--- Data for the task Enclosed Below ---

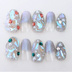 サイズ:35468 (指・縦*横(単位:cm)) 親指・2.2*1.7 人差指・2.0*1.5 中指・2.1*1.6 薬指・1.9*1.4 小指・1.7*1.2 ※測定の際はメジャー等を使用してください。 横幅は一番幅広いところを、爪のカーブに合わせて測定してください。 ○注意事項○ ・現品のみの販売です。 サイズ変更は承っておりません。 ・個人の趣味で作成しております。 ダスト、気泡、色ムラ等はご容赦ください。 ・お使いの端末や閲覧環境により、実物と色味が異なって見えることがあります。 ・返品、返金にはご対応いたしかねます。 ○配送方法○ ・エアパッキン(プチプチ)で包装の上、あんしんboothパックで郵送いたします。 .。o○.。o○.。o○.。o○ ハンドメイドの性質をご理解いただいた上でご利用いただきますようお願いいたします。
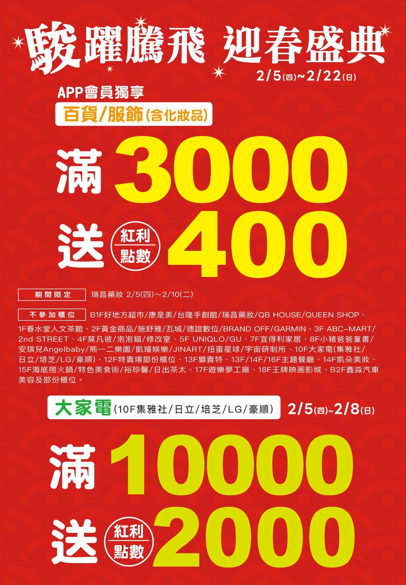 大家電(10F)|滿10000送2000點
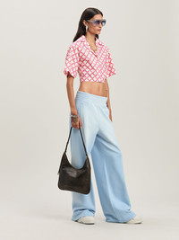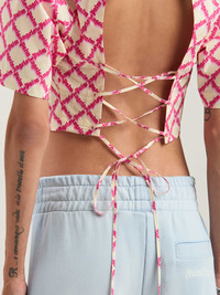 The new pattern of SS25 is a grid resulting by playing with the Classic logo through repetitions and intersections. Women's short sleeves cropped shirt with crisscrossed back, featuring fuchsia Net logo print on ivory background. DETAILS - Detail 100% BrassFabric 100% Cotton - Code: PWGG007S25FAB0010B32
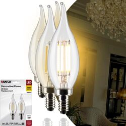 Satco LED Clear Candelabra Light Bulbs, 3 watt Type CA10 Light Bulbs Soft White 2700k,200L,E12 Candle Base,Dimmable for Dining Room,Light Fixture,Ceiling Fan,Room Chandelier (6 Packs of 2 Bulbs)
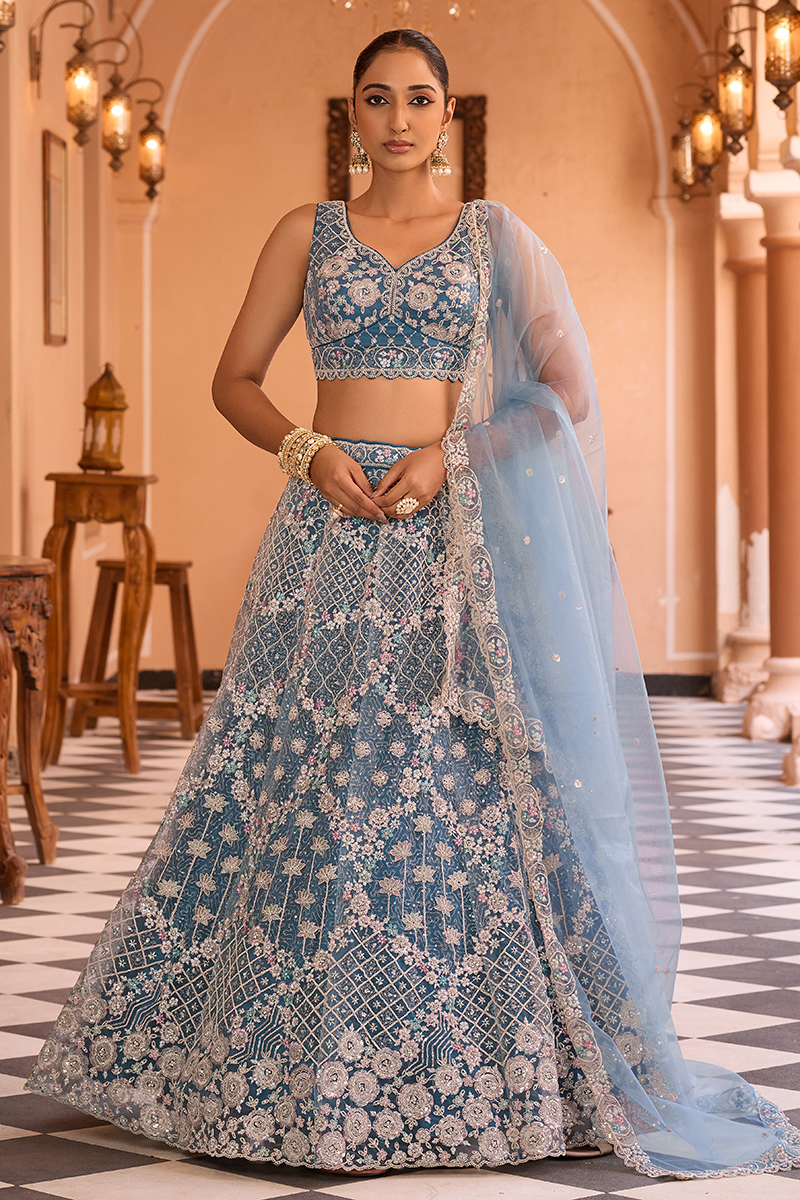 Be the starlight of any event with this beautiful Teal colored Designer Indo-Western Lehenga Choli. Buy this lehenga choli crafted from Net fabric embellished with Sequin, Stone, and Coding Work. Has a Thread Cut Work Border on the Hemline. The lehenga has a double shantoon inner with layer of can can 18 inches with 2 layers of Buckram 3 and 10 inches. The flare of the lehenga is 3.5 meters and the length is 42 inches. The waist and the bust of the lehenga and choli are customizable up to 40 and 42 inches. Complete your look with ethnic jewelry and heels. The ensemble includes a matching, Net fabric dupatta embellished with heavy coding with an embroidery border work. The length of the dupatta is 2.5 meters and the width is 1 meter. Please note that color variations may occur due to digital photography, and the accessories shown are for illustrative purposes only.
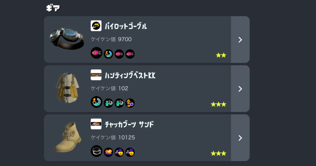 - イカ速:敵との距離感が重要なので、立ち回り全体の安定性を高める万能ギア。
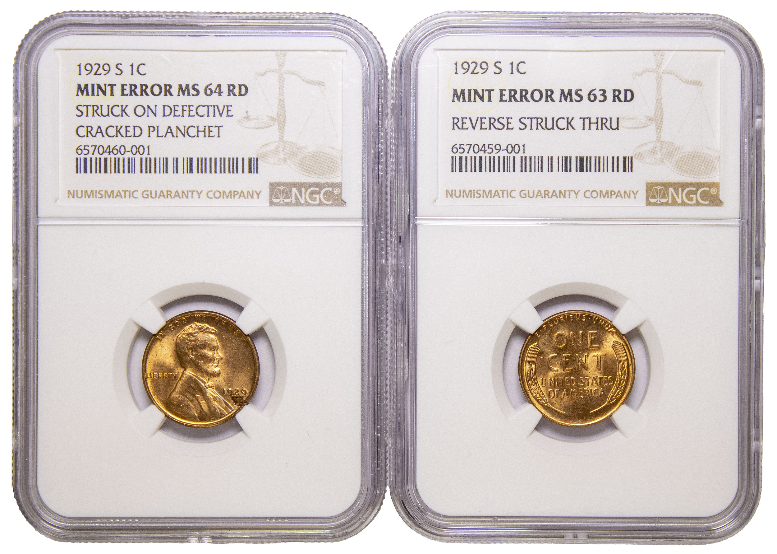 Pair Of NGC Certified 1929-S Error Lincoln Cents
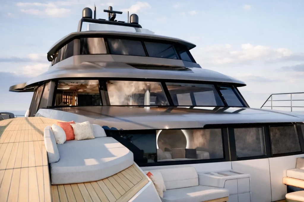 Every element of the FPY120 is designed with continuity in mind, allowing indoor and outdoor living to flow effortlessly. This architectural approach creates a sense of calm, understated sophistication that permeates the entire vessel. The main living areas are truly panoramic, opening up to nearly 290-degree views that reinforce a constant connection to the sea. Whether in the expansive social lounges or the more intimate retreats, guests are always invited to engage with the horizon.

--- End of Enclosed Data for the task ---

### How to complete this task
Copy the entries above verbatim. Pictures do not belong in the copy.

### Written response
 サイズ:35468 (指・縦*横(単位:cm)) 親指・2.2*1.7 人差指・2.0*1.5 中指・2.1*1.6 薬指・1.9*1.4 小指・1.7*1.2 ※測定の際はメジャー等を使用してください。 横幅は一番幅広いところを、爪のカーブに合わせて測定してください。 ○注意事項○ ・現品のみの販売です。 サイズ変更は承っておりません。 ・個人の趣味で作成しております。 ダスト、気泡、色ムラ等はご容赦ください。 ・お使いの端末や閲覧環境により、実物と色味が異なって見えることがあります。 ・返品、返金にはご対応いたしかねます。 ○配送方法○ ・エアパッキン(プチプチ)で包装の上、あんしんboothパックで郵送いたします。 .。o○.。o○.。o○.。o○ ハンドメイドの性質をご理解いただいた上でご利用いただきますようお願いいたします。
 大家電(10F)|滿10000送2000點
 The new pattern of SS25 is a grid resulting by playing with the Classic logo through repetitions and intersections. Women's short sleeves cropped shirt with crisscrossed back, featuring fuchsia Net logo print on ivory background. DETAILS - Detail 100% BrassFabric 100% Cotton - Code: PWGG007S25FAB0010B32
 Satco LED Clear Candelabra Light Bulbs, 3 watt Type CA10 Light Bulbs Soft White 2700k,200L,E12 Candle Base,Dimmable for Dining Room,Light Fixture,Ceiling Fan,Room Chandelier (6 Packs of 2 Bulbs)
 Be the starlight of any event with this beautiful Teal colored Designer Indo-Western Lehenga Choli. Buy this lehenga choli crafted from Net fabric embellished with Sequin, Stone, and Coding Work. Has a Thread Cut Work Border on the Hemline. The lehenga has a double shantoon inner with layer of can can 18 inches with 2 layers of Buckram 3 and 10 inches. The flare of the lehenga is 3.5 meters and the length is 42 inches. The waist and the bust of the lehenga and choli are customizable up to 40 and 42 inches. Complete your look with ethnic jewelry and heels. The ensemble includes a matching, Net fabric dupatta embellished with heavy coding with an embroidery border work. The length of the dupatta is 2.5 meters and the width is 1 meter. Please note that color variations may occur due to digital photography, and the accessories shown are for illustrative purposes only.
 - イカ速:敵との距離感が重要なので、立ち回り全体の安定性を高める万能ギア。
 Pair Of NGC Certified 1929-S Error Lincoln Cents
 Every element of the FPY120 is designed with continuity in mind, allowing indoor and outdoor living to flow effortlessly. This architectural approach creates a sense of calm, understated sophistication that permeates the entire vessel. The main living areas are truly panoramic, opening up to nearly 290-degree views that reinforce a constant connection to the sea. Whether in the expansive social lounges or the more intimate retreats, guests are always invited to engage with the horizon.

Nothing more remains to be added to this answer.